Step 4: Step 4: Reinstall Nerf Bars
- Reinstall Nerf Bars
- Run wires to the battery compartment
- Secure your wiring with zip ties to existing wiring
Now, this part you will have to double check on your model. All Models and Manufacturer's may not be the same!
- Disconnect Switch / Molex Connector.
- Turn your Multi-Meter dial to test Continuity.
- Attach test probes and press the "Go Forward Button" on the handlebars. Do you have continuity? If so proceed to step 4 keeping in mind the colors of the wires.
- My Hot wire is (+) Red, Switch Output is Blue (switch wire) and the (-) wire is Black.
- The Switch Output Blue wire will be the wire that we work with first. Cut back 1/2'' of the blue insulation and solder on the positive wire that goes to the Anode side of the LED with the Resistor. Cover with heat shrink or liquid electrical tape.

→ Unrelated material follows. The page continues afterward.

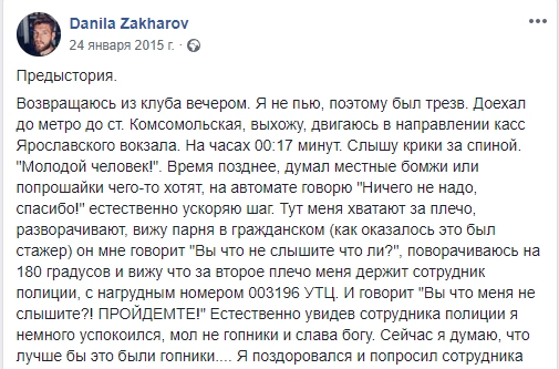 Похожую историю два года назад рассказывал в Facebook москвич Данила Захаров. Полицейские тоже подошли к нему на Комсомольской площади.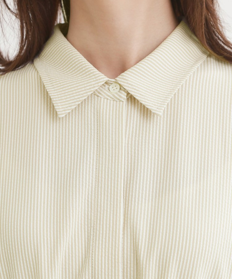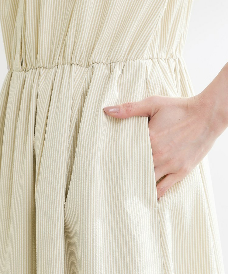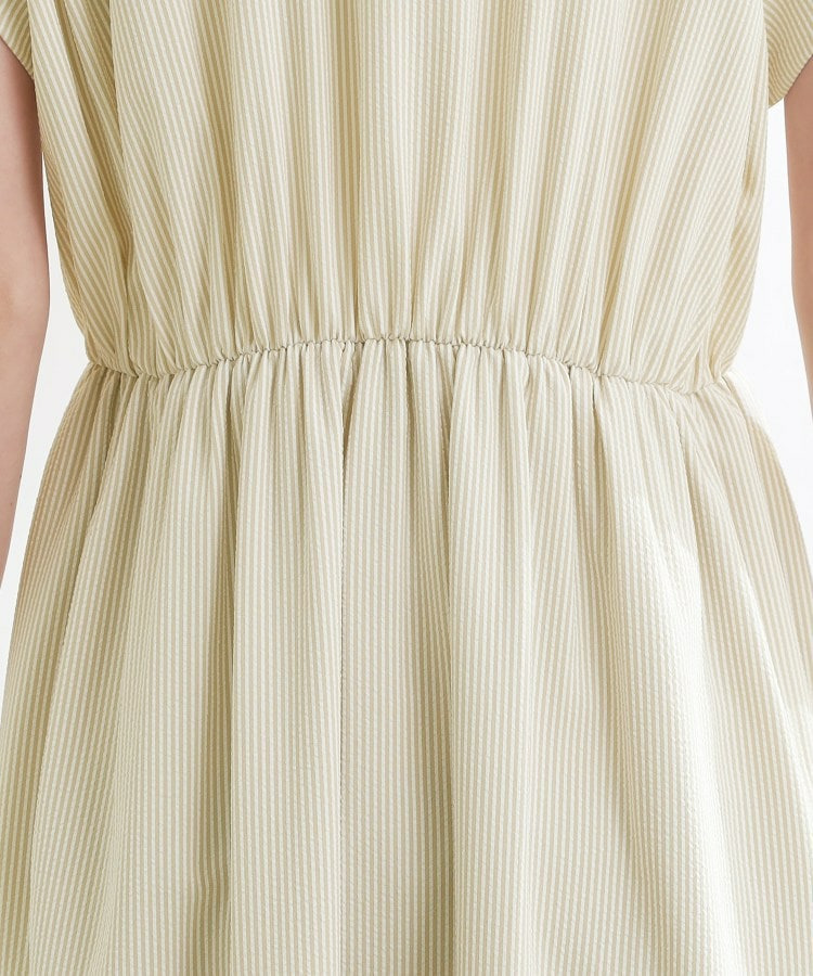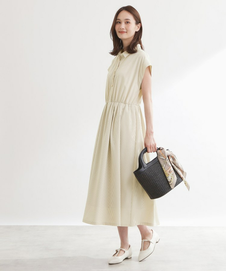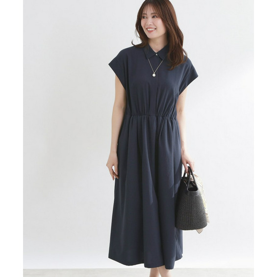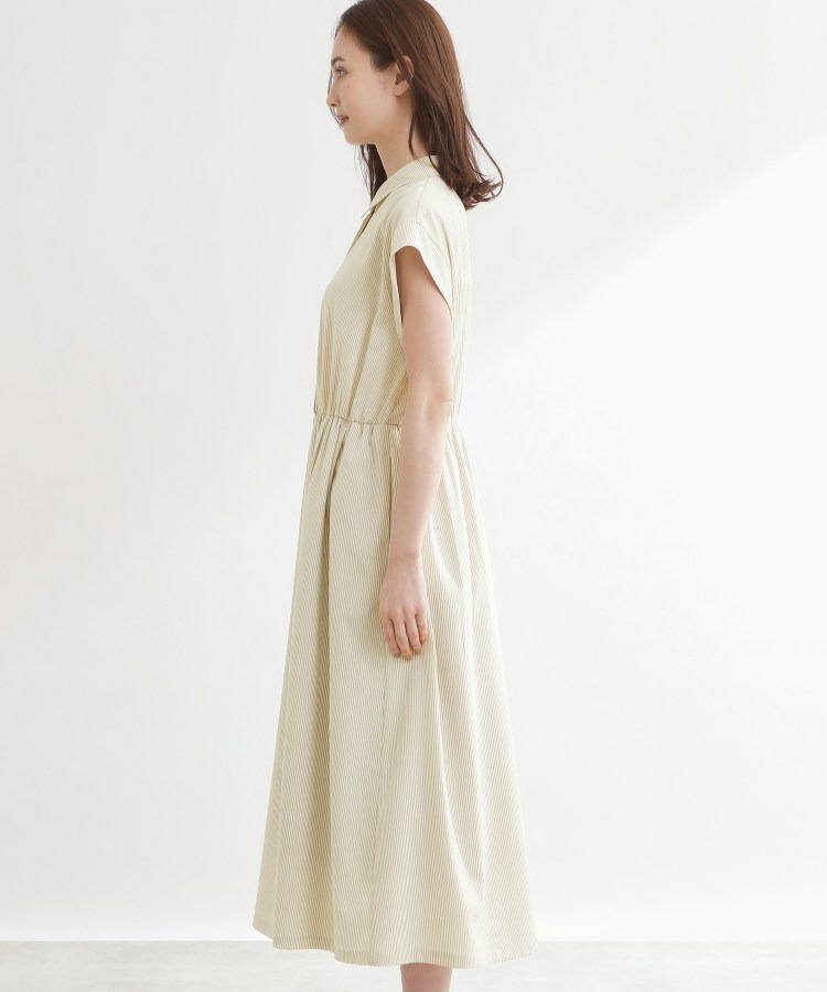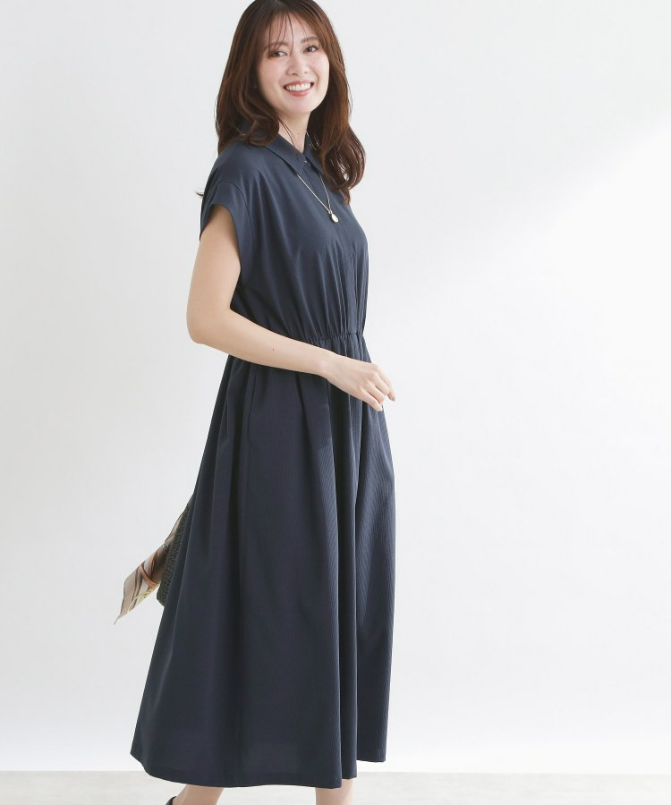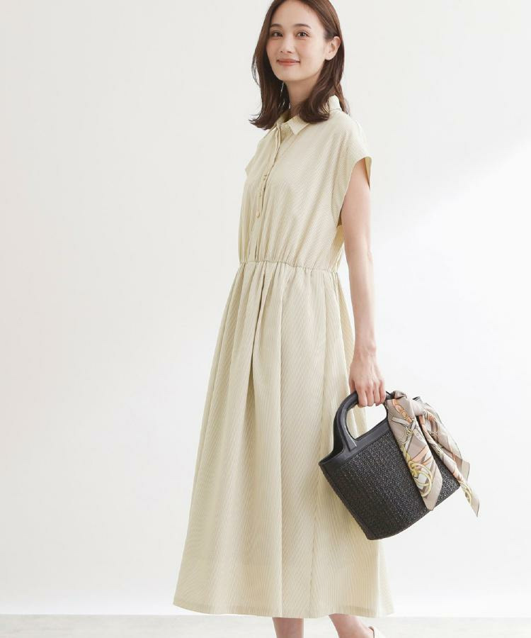 涼やかな軽さときちんと感を両立したサッカー素材のシャツワンピース。

- Cut back the insulation on the Black (-) wire coming from the rear of the motor side connector (same as the previous step) and solder the Negative (-) wire coming from the Cathode side of the LED and cover with heat shrink or liquid electrical tape.
- Let Cure for a couple hours if you used liquid electrical tape.
- I had some extra 3/8'' Flex Tubing left over from another project, so I covered the wire harness to make it look better then it did new. Shown in Flex Tubing Image.
Step 5: Troubleshooting Techniques!
- If your LEDs are staying on all of the time without pressing the "Go Forward Button" on the handlebars, you wired it to the positive led wire to the positive battery terminal instead of the switch wire.
- If you have no light at all when pressing the "Go Forward Button" on the handlebars, your wires could be reversed.
- The type of LEDs used in this project will only work with forward current.